Sofrer um choque elétrico, queimaduras, vivenciar incêndios ou explosões são riscos inerentes às atividades com eletricidade. Se associamos eletricidade a outros perigos, como é o caso de serviços que envolvam altura, espaços confinados ou presença de animais peçonhentos, não podemos deixar de considerar também os riscos adicionais.

MEDIDAS DE PROTEÇÃO COLETIVA

Quando não há nenhum recurso que possa evitar a exposição do trabalhador à situações de perigo, devem ser aplicadas as medidas de proteção coletiva.
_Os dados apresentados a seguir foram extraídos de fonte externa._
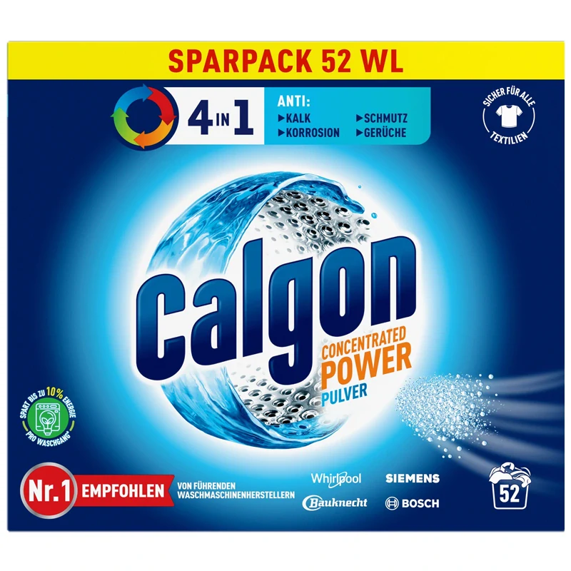 - Calgon 4 in 1 Concentrated Power Pulver bojuje proti vodnímu kameni a chrání komponenty, jako jsou topná tělesa, hadice nebo buben pračky před poškozením.

A desenergização elétrica é uma medida de proteção coletiva prioritária! Para que um circuito seja considerado desenergizado o procedimento deve ser realizado na seguinte sequência:

a) SECCIONAMENTO

É a interrupção do circuito elétrico que impede que haja passagem de corrente elétrica. Esta etapa pode ser feita através de dispositivos, como: disjuntores, chaves fusível e interruptores;

b) IMPEDIMENTO DE REENERGIZAÇÃO

Além de seccionar o circuito é necessário impedir que este venha ser reenergizado inadvertidamente. Normalmente, isto é feito através de dispositivos de bloqueio, como cadeados;

c) CONSTATAÇÃO DA AUSÊNCIA DE TENSÃO

Utilizando um multímetro, um detector de tensão ou equipamento apropriado deve ser feita a constatação de que não há diferença de potencial no ponto de intervenção;

d) INSTALAÇÃO DE ATERRAMENTO TEMPORÁRIO COM EQUIPOTENCIALIZAÇÃO DOS CONDUTORES DOS CIRCUITOS

Depois de seccionado, bloqueado e constatada a ausência de tensão é feito o aterramento. Aterrar é fazer uma ligação do circuito com a terra através da inserção de uma haste no solo proporcionando uma rota de fuga para a corrente elétrica. Isto garante que, por exemplo, se ocorrer uma descarga atmosférica ou um religamento, os elétrons irão escoar pelo sistema de aterramento;

e) PROTEÇÃO DOS ELEMENTOS ENERGIZADOS EXISTENTES NA ZONA CONTROLADA

Se em uma intervenção elétrica apenas parte do circuito precisar realmente ser desenergizado, os pontos energizados existentes na zona controlada devem ser protegidos. Isto pode ser feito, por exemplo, através de mantas isolantes;

f) INSTALAÇÃO DA SINALIZAÇÃO DE IMPEDIMENTO DE REENERGIZAÇÃO

Por fim, é feita a sinalização informando a existência de uma intervenção no sistema e indicando que este não deve ser religado.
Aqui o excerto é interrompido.